* _Supplied information_
◆ ◆ ◆

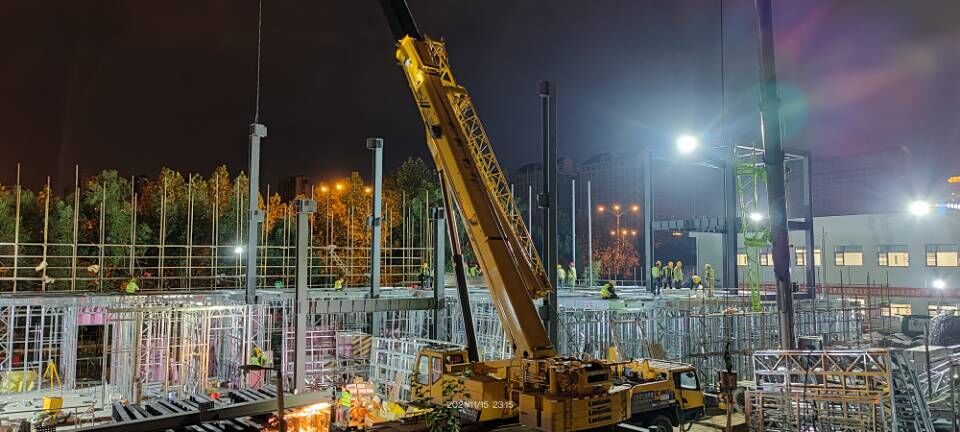 “開(kāi)局即是決戰,起步就要沖刺”,在項目現場(chǎng),我們能感受到的是項目全體職工心往一處想、勁往一處使的勇氣與信心。截至11月16日,該項目已完成二層樓板壓型鋼板安裝,二層樓板混凝土澆筑完成50%,二層墻板繼續作業(yè),墻體內水電預埋已經(jīng)穿插開(kāi)始進(jìn)行。一層墻板內水電預埋基本完成,開(kāi)始一層吊頂內水電暖通安裝工作。
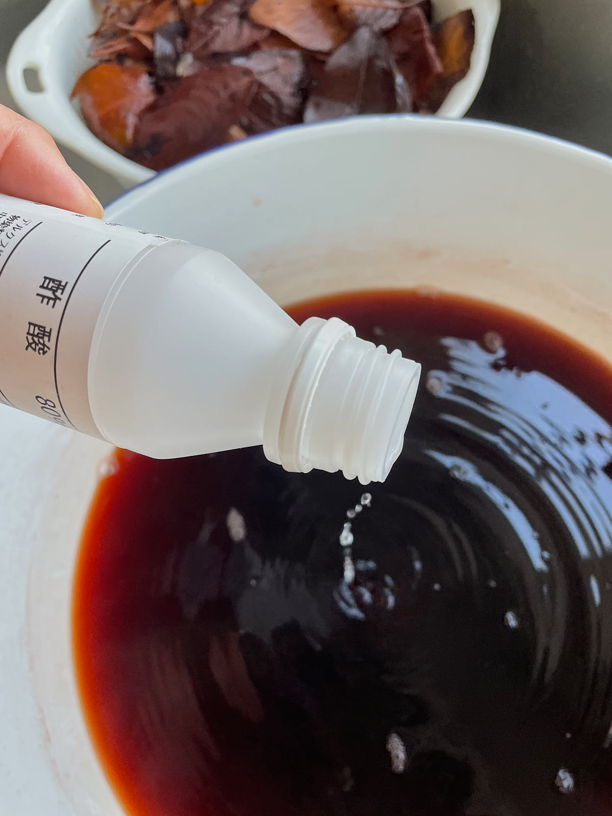 中火の火にかけ、沸騰したら火を弱め30分位煮込むと、ワイン色・・・
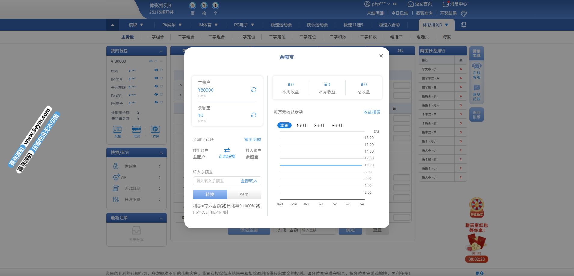 系统内还集成了余额包理财模块,为平台提供更多玩法延展空间:

◆ ◆ ◆

* _Exercise brief_
Down to the last line, reproduce the material above exactly; skip its images.

* _Solved exercise_
 “開(kāi)局即是決戰,起步就要沖刺”,在項目現場(chǎng),我們能感受到的是項目全體職工心往一處想、勁往一處使的勇氣與信心。截至11月16日,該項目已完成二層樓板壓型鋼板安裝,二層樓板混凝土澆筑完成50%,二層墻板繼續作業(yè),墻體內水電預埋已經(jīng)穿插開(kāi)始進(jìn)行。一層墻板內水電預埋基本完成,開(kāi)始一層吊頂內水電暖通安裝工作。
 中火の火にかけ、沸騰したら火を弱め30分位煮込むと、ワイン色・・・
 系统内还集成了余额包理财模块,为平台提供更多玩法延展空间:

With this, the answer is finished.